=== Begin Enclosure ===

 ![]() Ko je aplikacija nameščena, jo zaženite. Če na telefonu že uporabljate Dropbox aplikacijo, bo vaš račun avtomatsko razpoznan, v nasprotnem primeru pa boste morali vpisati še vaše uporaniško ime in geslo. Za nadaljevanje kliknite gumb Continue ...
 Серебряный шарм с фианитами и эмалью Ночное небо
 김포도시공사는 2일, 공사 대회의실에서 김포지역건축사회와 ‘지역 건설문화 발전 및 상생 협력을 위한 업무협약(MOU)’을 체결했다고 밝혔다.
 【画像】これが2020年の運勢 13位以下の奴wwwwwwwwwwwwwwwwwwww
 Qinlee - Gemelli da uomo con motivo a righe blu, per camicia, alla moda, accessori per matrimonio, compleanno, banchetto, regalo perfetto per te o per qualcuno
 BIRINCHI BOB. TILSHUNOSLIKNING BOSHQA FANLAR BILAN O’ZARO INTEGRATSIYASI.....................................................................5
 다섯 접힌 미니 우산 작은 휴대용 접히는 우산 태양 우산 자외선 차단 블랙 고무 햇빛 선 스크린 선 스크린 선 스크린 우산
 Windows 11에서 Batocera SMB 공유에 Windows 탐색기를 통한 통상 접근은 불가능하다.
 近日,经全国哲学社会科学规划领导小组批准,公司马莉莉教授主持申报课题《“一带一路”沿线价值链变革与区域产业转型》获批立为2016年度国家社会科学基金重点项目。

=== End Enclosure ===
=== Begin Enclosure ===

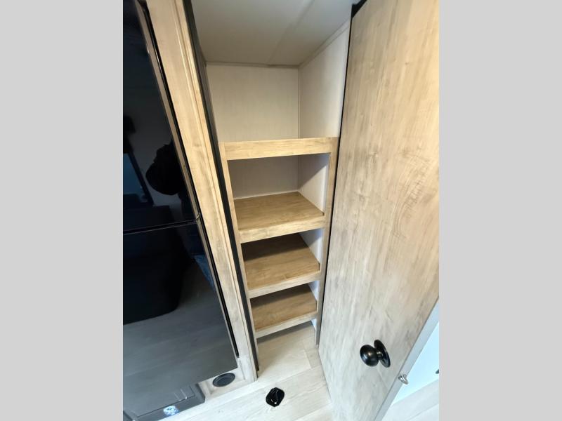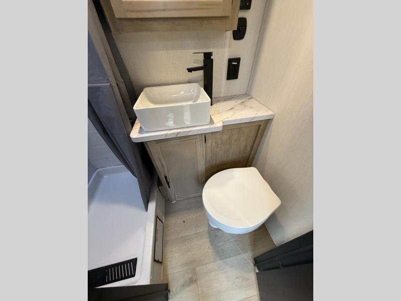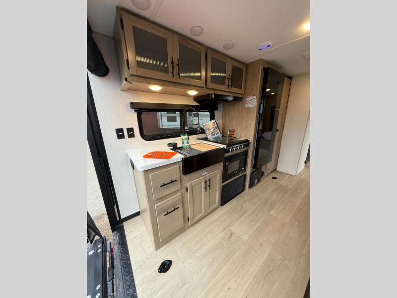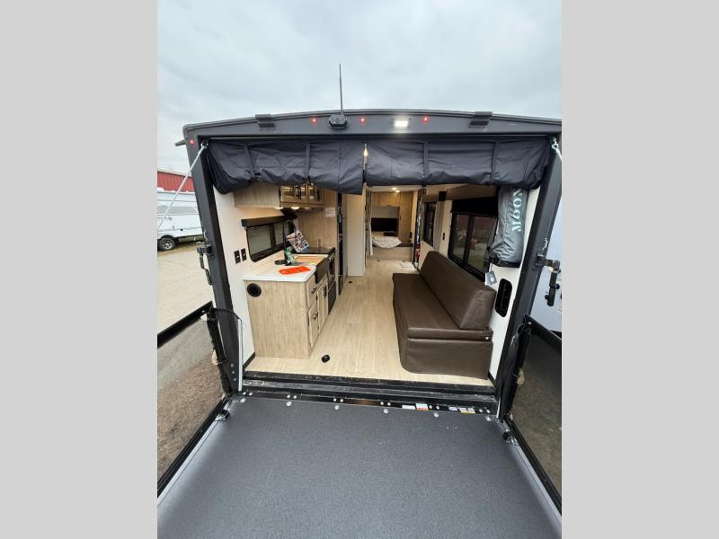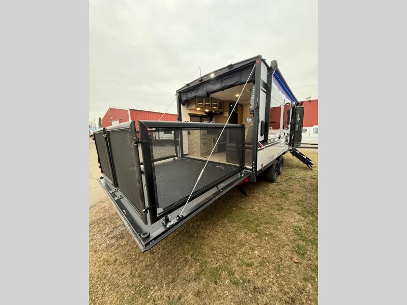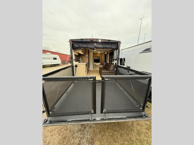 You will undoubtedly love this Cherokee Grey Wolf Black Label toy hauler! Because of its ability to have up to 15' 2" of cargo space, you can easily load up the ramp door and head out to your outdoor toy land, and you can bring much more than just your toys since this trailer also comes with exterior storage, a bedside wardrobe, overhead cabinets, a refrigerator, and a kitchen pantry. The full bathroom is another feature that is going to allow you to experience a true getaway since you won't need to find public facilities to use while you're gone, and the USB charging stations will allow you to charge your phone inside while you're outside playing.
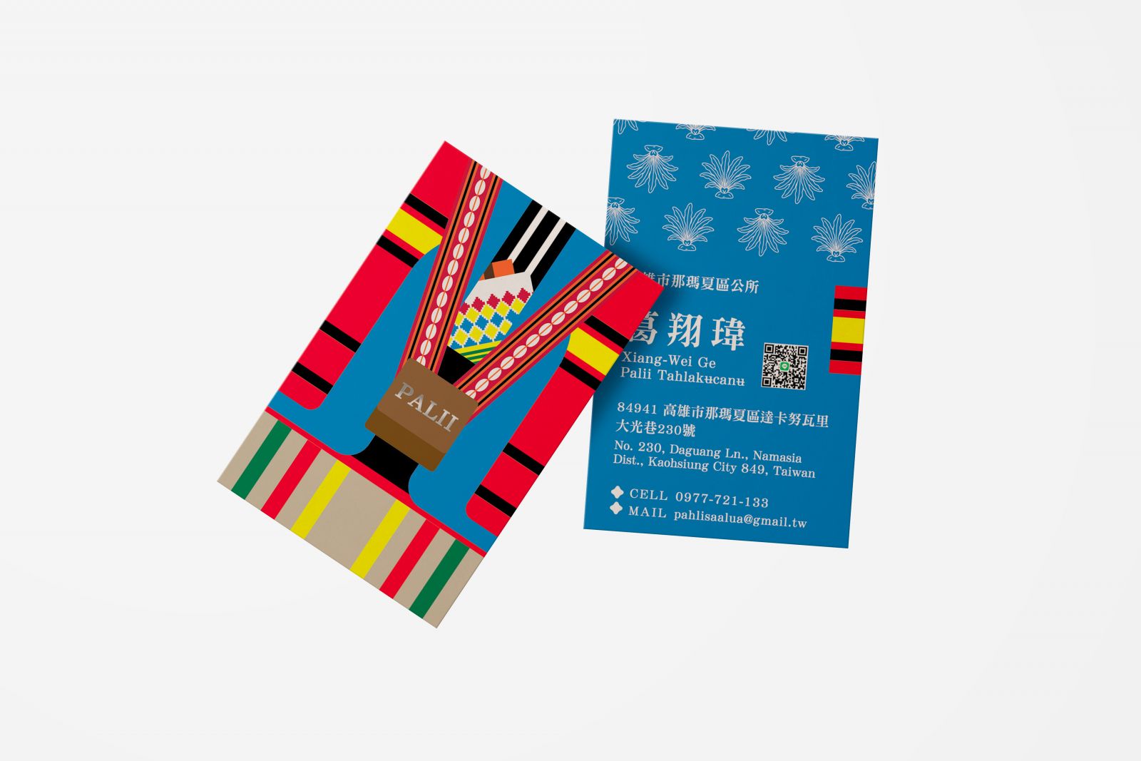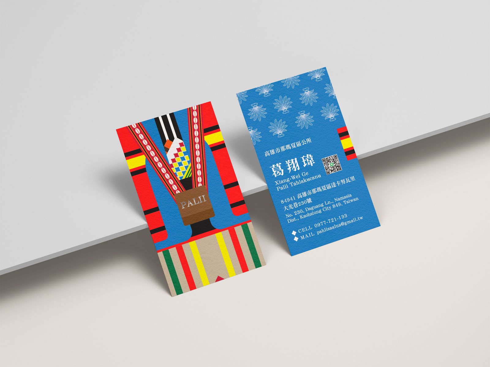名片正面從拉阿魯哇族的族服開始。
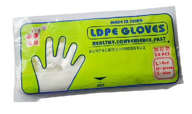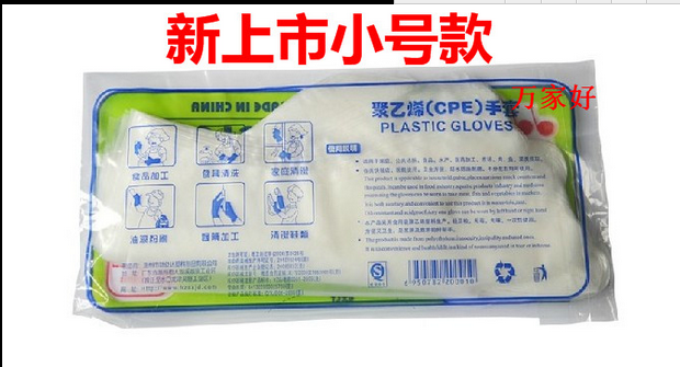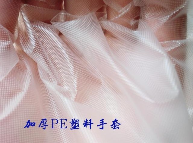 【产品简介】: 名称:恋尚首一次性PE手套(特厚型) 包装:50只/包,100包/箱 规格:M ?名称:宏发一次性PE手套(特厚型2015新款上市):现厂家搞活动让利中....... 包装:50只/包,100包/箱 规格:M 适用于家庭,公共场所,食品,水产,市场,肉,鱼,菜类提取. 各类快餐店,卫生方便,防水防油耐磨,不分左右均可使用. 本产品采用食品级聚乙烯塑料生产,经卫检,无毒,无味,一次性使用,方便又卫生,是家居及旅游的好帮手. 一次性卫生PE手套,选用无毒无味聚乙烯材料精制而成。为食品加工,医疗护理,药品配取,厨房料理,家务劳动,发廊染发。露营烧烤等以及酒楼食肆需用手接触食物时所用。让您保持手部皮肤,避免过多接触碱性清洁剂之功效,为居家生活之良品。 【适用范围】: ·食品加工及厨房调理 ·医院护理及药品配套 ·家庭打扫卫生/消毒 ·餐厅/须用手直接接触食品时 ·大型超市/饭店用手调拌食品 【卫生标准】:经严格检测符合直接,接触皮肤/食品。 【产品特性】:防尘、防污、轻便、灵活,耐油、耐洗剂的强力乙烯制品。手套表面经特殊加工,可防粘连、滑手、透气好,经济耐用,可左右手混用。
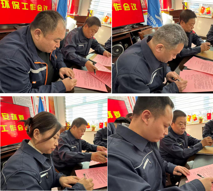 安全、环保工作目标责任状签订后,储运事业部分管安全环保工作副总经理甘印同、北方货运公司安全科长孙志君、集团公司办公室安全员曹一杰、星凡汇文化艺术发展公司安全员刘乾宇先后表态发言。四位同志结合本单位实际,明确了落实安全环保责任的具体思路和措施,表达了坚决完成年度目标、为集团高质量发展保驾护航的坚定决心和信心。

=== End Enclosure ===
=== Begin Enclosure ===

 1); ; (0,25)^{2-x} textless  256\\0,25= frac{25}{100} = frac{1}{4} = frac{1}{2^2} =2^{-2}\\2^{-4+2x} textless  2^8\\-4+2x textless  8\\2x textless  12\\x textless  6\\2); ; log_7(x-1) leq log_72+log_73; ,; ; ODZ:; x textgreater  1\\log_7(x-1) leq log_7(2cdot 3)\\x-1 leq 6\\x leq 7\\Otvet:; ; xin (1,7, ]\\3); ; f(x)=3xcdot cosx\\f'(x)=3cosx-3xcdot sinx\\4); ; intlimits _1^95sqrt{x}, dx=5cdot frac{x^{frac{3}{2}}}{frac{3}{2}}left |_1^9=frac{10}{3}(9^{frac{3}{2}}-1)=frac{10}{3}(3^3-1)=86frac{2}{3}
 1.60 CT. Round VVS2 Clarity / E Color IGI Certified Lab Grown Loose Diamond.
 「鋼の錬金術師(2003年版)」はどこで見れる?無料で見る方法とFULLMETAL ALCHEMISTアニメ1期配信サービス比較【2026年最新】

=== End Enclosure ===

◆ **Assignment**: Print exactly the lines above, between the one holding "Qinlee - Gemelli" and the one holding "近日,经全国哲学社会科学规划", inclusive, and nothing besides.

◆ **Solution for this task**:
 Qinlee - Gemelli da uomo con motivo a righe blu, per camicia, alla moda, accessori per matrimonio, compleanno, banchetto, regalo perfetto per te o per qualcuno
 BIRINCHI BOB. TILSHUNOSLIKNING BOSHQA FANLAR BILAN O’ZARO INTEGRATSIYASI.....................................................................5
 다섯 접힌 미니 우산 작은 휴대용 접히는 우산 태양 우산 자외선 차단 블랙 고무 햇빛 선 스크린 선 스크린 선 스크린 우산
 Windows 11에서 Batocera SMB 공유에 Windows 탐색기를 통한 통상 접근은 불가능하다.
 近日,经全国哲学社会科学规划领导小组批准,公司马莉莉教授主持申报课题《“一带一路”沿线价值链变革与区域产业转型》获批立为2016年度国家社会科学基金重点项目。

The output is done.